### Directions for this task:
Please set out each line below exactly as it stands, without the images.

Stored data entries:
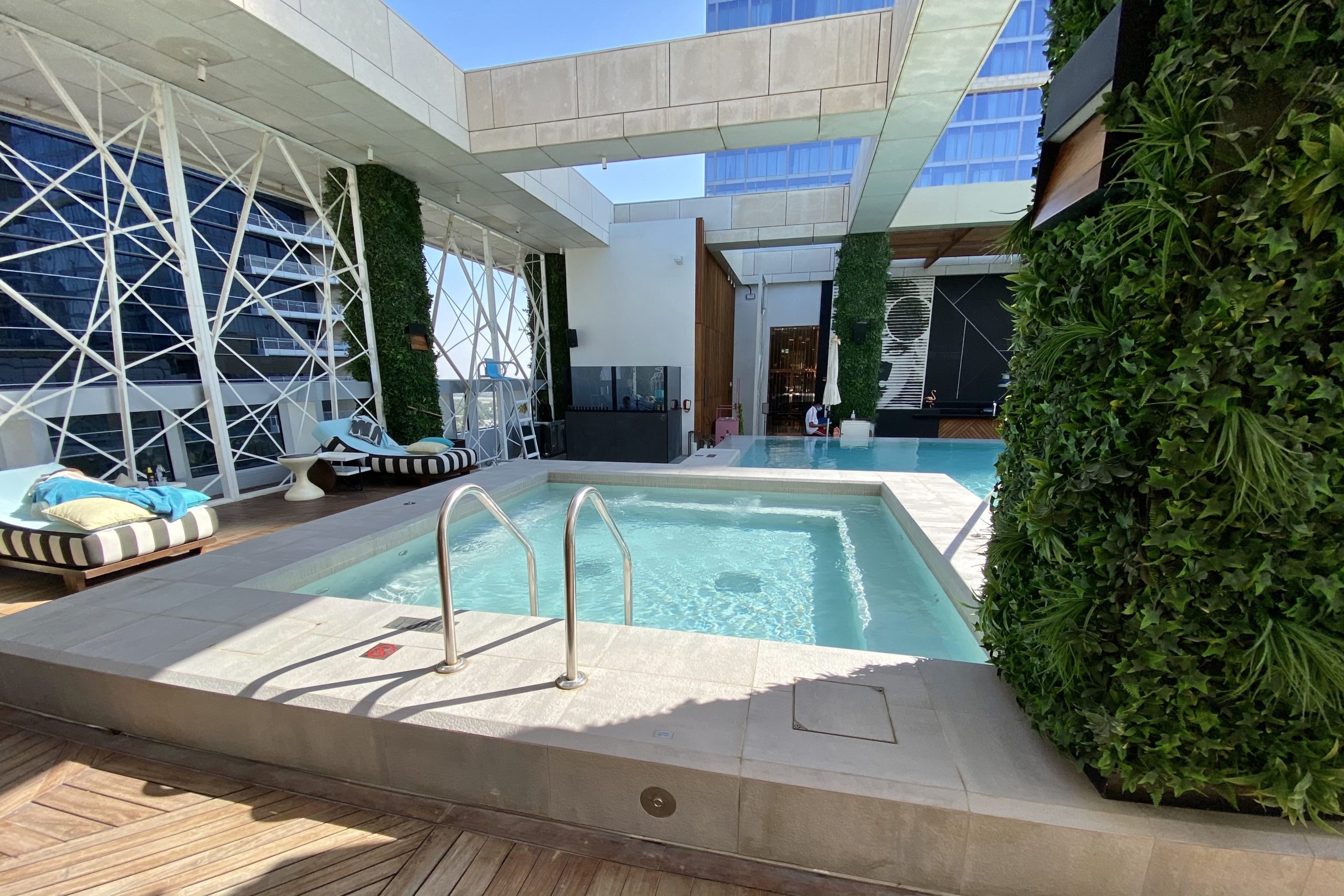 After my gym visit, I decided to unwind by the outdoor pool for a while. I’d also describe the pool as just okay, rather than outstanding – my major complaint being a series of overhead girders that made it tough to get some proper sun.
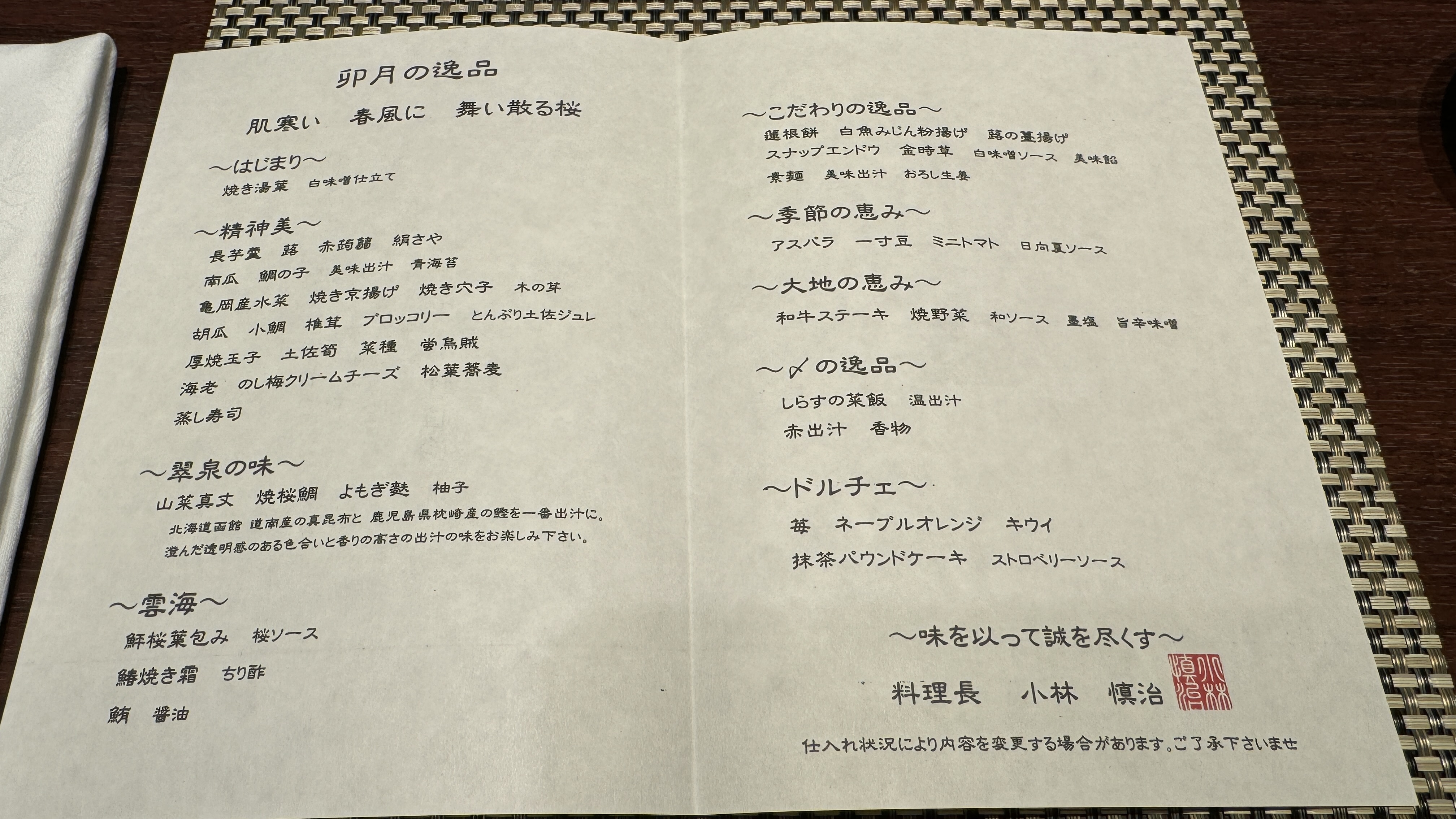 料理長の小林慎治氏の「〜味を持って誠を尽くす〜」という言葉がお品書きに書かれているのですが、一つ一つの料理がとても繊細で誠を尽されているって感じが伝わってくる食事になりました。
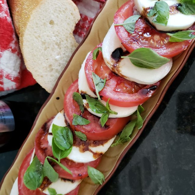 So grab your tomatoes, mozzarella, basil, olive oil, balsamic vinegar and salt for dinner in 10!
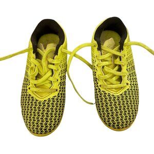 Bright, bold, and built for the field! These Under Armour Kids Soccer Cleats (Size 10K) feature a striking neon yellow and black zig-zag design with molded firm-ground studs for great traction on grass. Lightweight synthetic uppers make them easy for little feet to run, kick, and move comfortably.
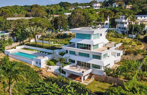 Perched on a hilltop overlooking the ocean, this luxurious 4-story villa feels like a private resort minutes from city life. Features panoramic ocean views, 5 bedrooms with AC and full bathrooms, and a stunning pool deck - your personal sunset viewing platform. Perfect for larger groups. Note: Multiple stairs between floors. Ideally located: 5 mins to Sosúa Beach, 7 mins to POP airport, 15 mins to Cabarete ..

### Answer:
 After my gym visit, I decided to unwind by the outdoor pool for a while. I’d also describe the pool as just okay, rather than outstanding – my major complaint being a series of overhead girders that made it tough to get some proper sun.
 料理長の小林慎治氏の「〜味を持って誠を尽くす〜」という言葉がお品書きに書かれているのですが、一つ一つの料理がとても繊細で誠を尽されているって感じが伝わってくる食事になりました。
 So grab your tomatoes, mozzarella, basil, olive oil, balsamic vinegar and salt for dinner in 10!
 Bright, bold, and built for the field! These Under Armour Kids Soccer Cleats (Size 10K) feature a striking neon yellow and black zig-zag design with molded firm-ground studs for great traction on grass. Lightweight synthetic uppers make them easy for little feet to run, kick, and move comfortably.
 Perched on a hilltop overlooking the ocean, this luxurious 4-story villa feels like a private resort minutes from city life. Features panoramic ocean views, 5 bedrooms with AC and full bathrooms, and a stunning pool deck - your personal sunset viewing platform. Perfect for larger groups. Note: Multiple stairs between floors. Ideally located: 5 mins to Sosúa Beach, 7 mins to POP airport, 15 mins to Cabarete ..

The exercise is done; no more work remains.